Activation de « danger » de signaux, tels que les profils moléculaires de micro-organismes pathogènes associés (PAMP) ou profils moléculaires associés aux dommages (DAMP), conduira la maturation iDCs vers DCs immunogènes comme matures DCs (CAM) via liaison différents récepteurs de reconnaissance de modèle la surface DC5. Immunogènes DCs plus amorcer la prolifération des lymphocytes T naïfs et la différenciation par le biais de l’augmentation de MHCII2, ligands costimulation (CD80, CD86, CD40 et)6, cytokines et autres médiateurs solubles7. Une cascade de production pro-inflammatoire médiateur de DCs immunogène est essentielle pour la différenciation des cellules de T médiée par les cytokines. Par exemple, tant IL-12 et IFN-γ sont nécessaires pour de différenciation Th18 et IL-1, IL-6 et IL-23 sont essentiels pour naïve des lymphocytes T polarisation vers de cellules Th179. Bien que matures DCs réagissent aux antigènes étrangers, activation incontrôlée de DC par auto-antigènes susceptible d’entraîner l’ablation de tolérance et favorisent le développement de maladies auto-immunes en générant des cellules autoréactives T dont l’activation mène à la destruction des tissus10 .

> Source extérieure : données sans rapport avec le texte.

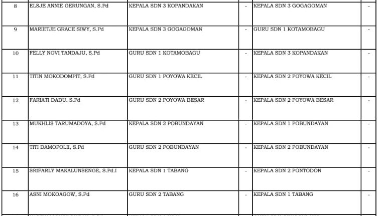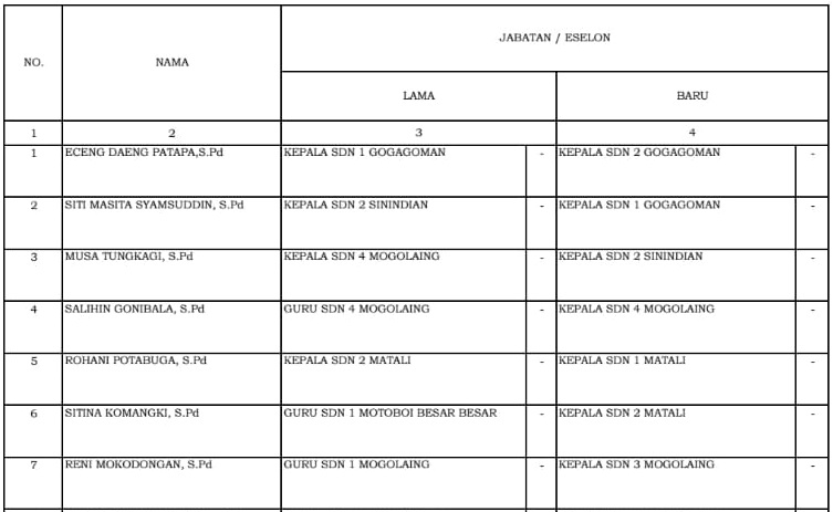 TB-NK “Goyang” 21 Posisi Kepsek di Kotamobagu, Ini Selengkapnya

Des rapports récents ont fourni une preuve claire de la plasticité de DC, témoigne de leur capacité à interagir avec différents repères au sein de leur microenvironnement de tissu et à se différencier en sous-ensembles distincts effecteur/suppresseur DC. Les médiateurs anti-inflammatoires, comme l’IL-10,11, TGF-β12et13 de la HO-1 ont été démontrés à jouer un rôle important dans l’immunosuppression en induisant tolérogène DCs (TolDCs). Ces TolDCs acquérir des fonctions régulatrices et supprimer la prolifération de lymphocytes T14. En outre, l’absence de Co-stimulation par DCs la production de médiateurs anti-inflammatoires de TolDCs contribuent à l’induction des cellules T régulatrices (Tregs) et aussi efficacement inhibe la différenciation et l’expansion des Th1 et Th1715. Dans passé deux décennies, le potentiel thérapeutique des TolDCs a été rapporté par plusieurs chercheurs. Dans ces études, l’administration de l’ex-vivo généré TolDCs non seulement amélioré les symptômes pathologiques dans différents modèles précliniques de maladies auto-immunes16 mais aussi conduit au développement d’une tolérance immunitaire chez les patients17 ,,18. Fait intéressant, aujourd'hui la thérapie TolDCs a été considérée comme une approche alternative ou complémentaire pour des maladies auto-immunes dans plusieurs essais cliniques, y compris de type 1 diabète sucré19, polyarthrite rhumatoïde,20, 21, sclérose en plaques (MS)22,23,24et de la maladie de Crohn25.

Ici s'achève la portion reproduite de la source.